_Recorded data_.
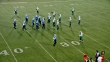 WS SLO MO Aerial view. Professional football teams break huddle and come to line of scrimmage, quarterback takes snap and hands off to running back who sprints and spins past defensive line and runs ball into end zone for touchdown. - 4K stock video
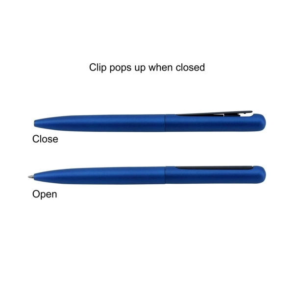 Sleek in appearance, this twist-action pen is crafted from solid aluminium and features a self-retracting clip that folds away when the pen is in use. This allows for both comfortable writing, as the clip does not come into contact with the hand as well as ease of insertion into a pocket.
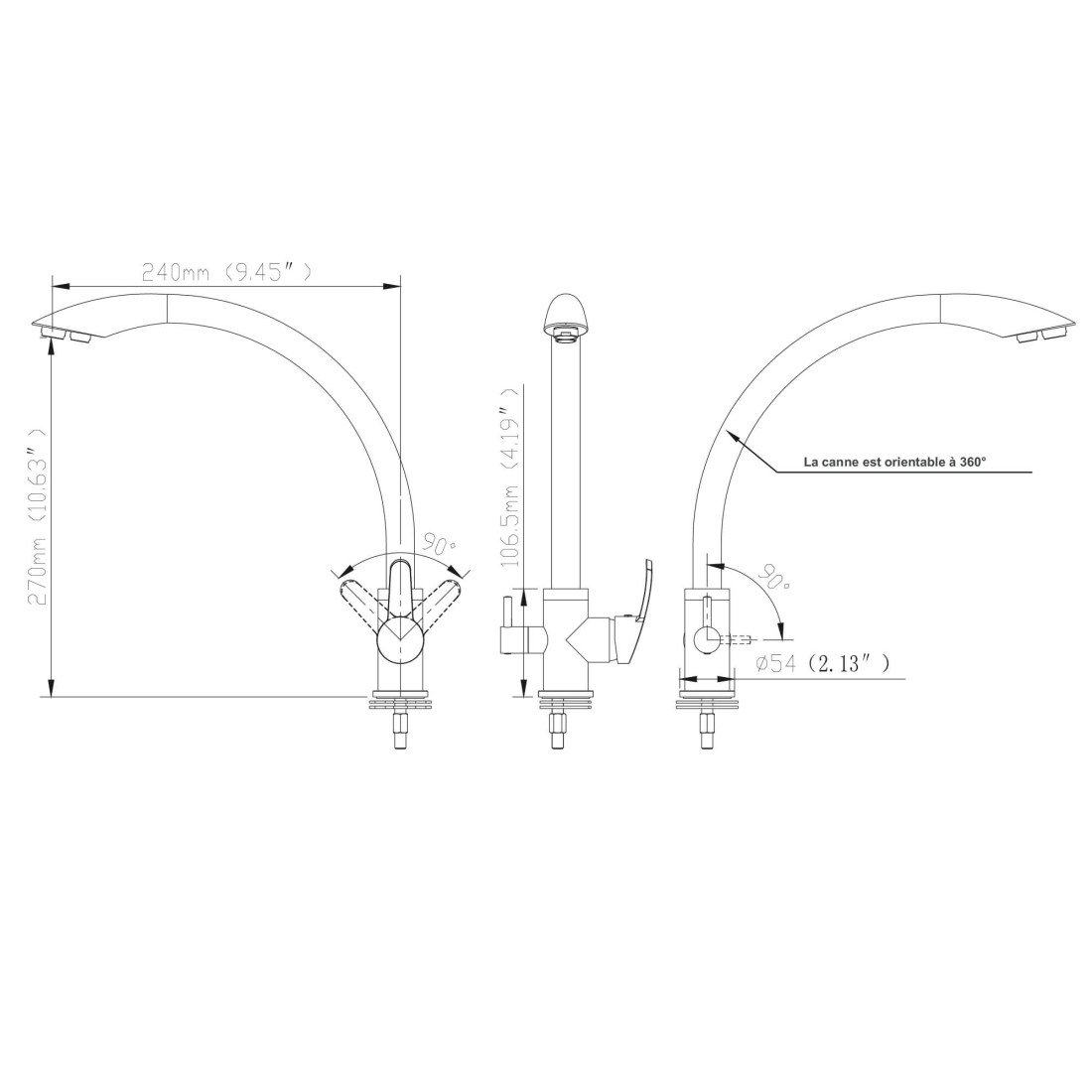 Pour eau du réseau et eau purifiée. Flexibles 3/8''.
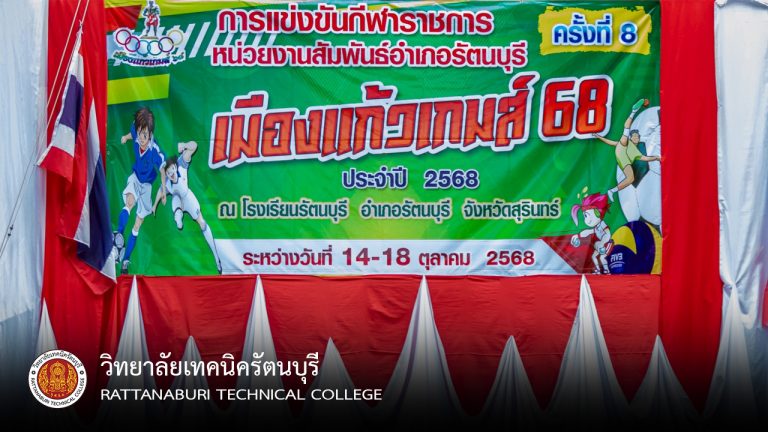 วิทยาลัยเทคนิครัตนบุรี เข้าร่วมการแข่งขันกีฬาราชการ หน่วยงานสัมพันธ์ อำเภอรัตนบุรี ครั้งที่ 8 เมืองแก้วเกมส์ 68 ประจำปี 2568 วันที่ 14 – 18 ตุลาคม 2568 ณ โรงเรียนรัตนบุรี อำเภอรัตนบุรี จังหวัดสุรินทร์
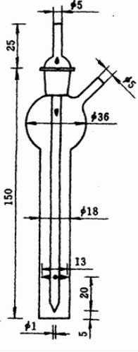 性能要求:内管和外管的接口应是标准磨口;内管应垂直于外管管底,出气口的内径为1.0mm±0.1mm,管尖距外管底5.0mm±0.1mm;固定小突应牢固。
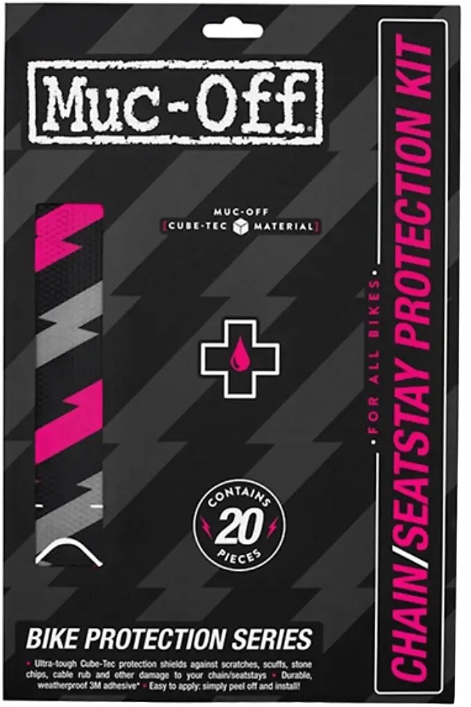 Suunniteltu maastopyörille ja sähkömaastopyörille, uusi patentoitu Muc-Off Cube-Tec materiaali, joka muodostaa suojan ketjusuojasi ympärille. Se on tarpeeksi vahva kestämään rajut iskut ja samalla riittävän joustavaa sopiakseen lähes mihin tahansa runkogeometriaan.
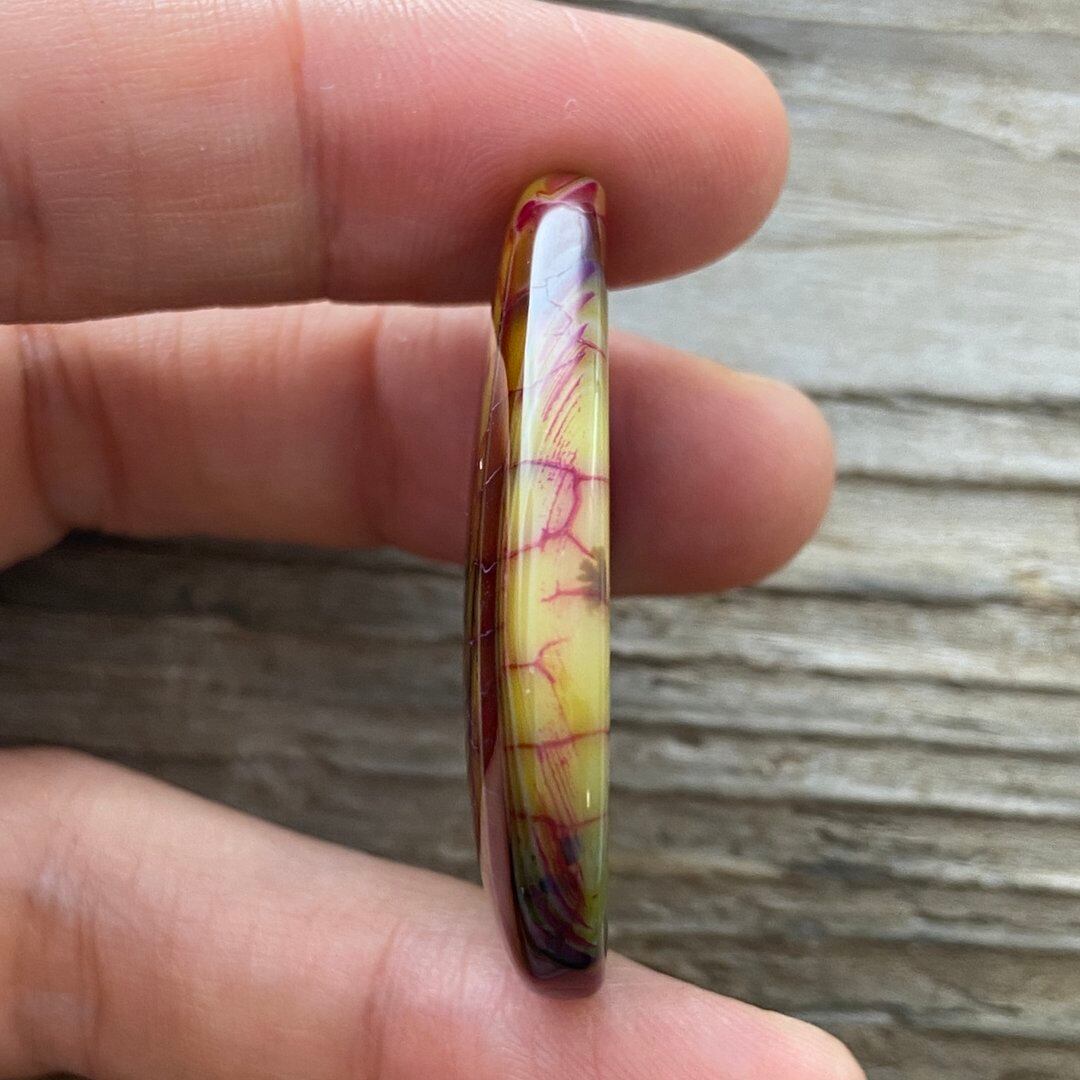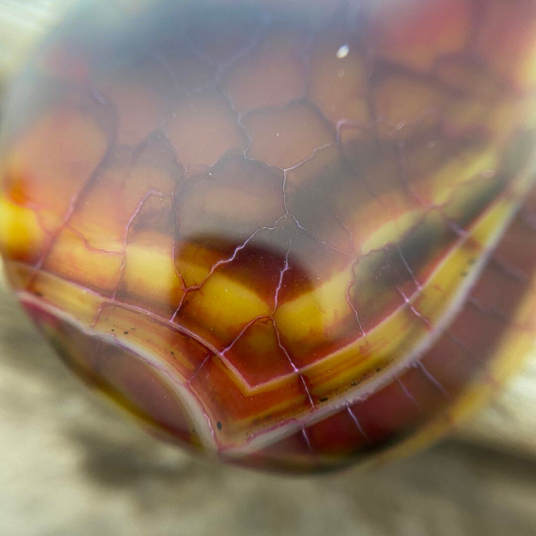 こちらのアゲートの模様は、竜の鱗の様に見えることから『ドラゴンベイン』や『ドラゴンヴェインズ』と呼ばれるクラック加工がされており、カラフルな色味は染色によるものです。
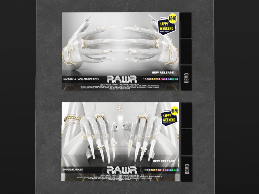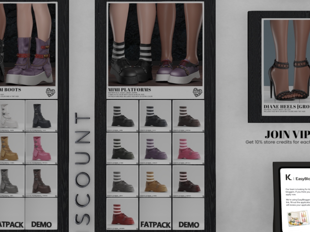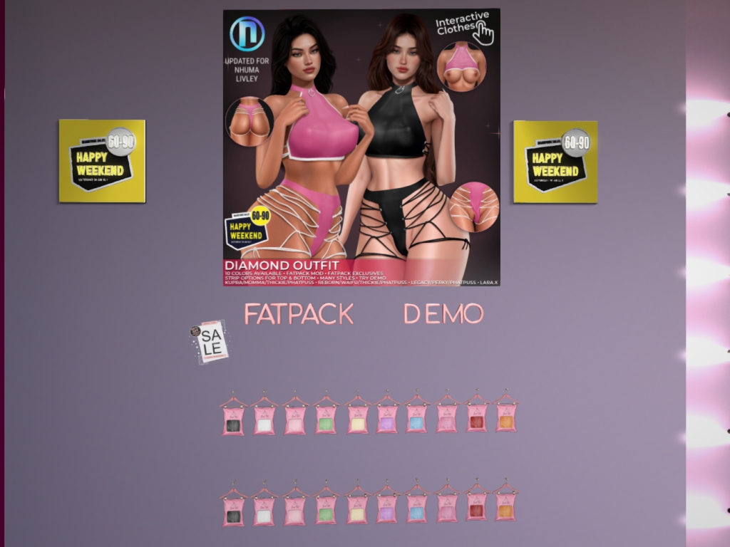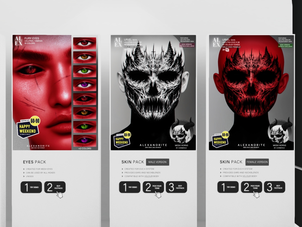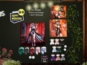 Featuring: Accessories, Animations/Poses/Props, Avatar Components, Avatar Enhancements, Builds, Clothing, Cosmetics/Nails, Footwear, Hairs, Home and Garden, Skins, Tattoos, Vehicles

_Description of the task_. An exact copy is needed of the stretch above that opens with the line containing "Pour eau du" and closes with the line containing "โรงเรียนรัตนบุรี อำเภอรัตนบุรี จังหวัดสุรินทร์"; the pictures are not part of it.

_Task response_.
 Pour eau du réseau et eau purifiée. Flexibles 3/8''.
 วิทยาลัยเทคนิครัตนบุรี เข้าร่วมการแข่งขันกีฬาราชการ หน่วยงานสัมพันธ์ อำเภอรัตนบุรี ครั้งที่ 8 เมืองแก้วเกมส์ 68 ประจำปี 2568 วันที่ 14 – 18 ตุลาคม 2568 ณ โรงเรียนรัตนบุรี อำเภอรัตนบุรี จังหวัดสุรินทร์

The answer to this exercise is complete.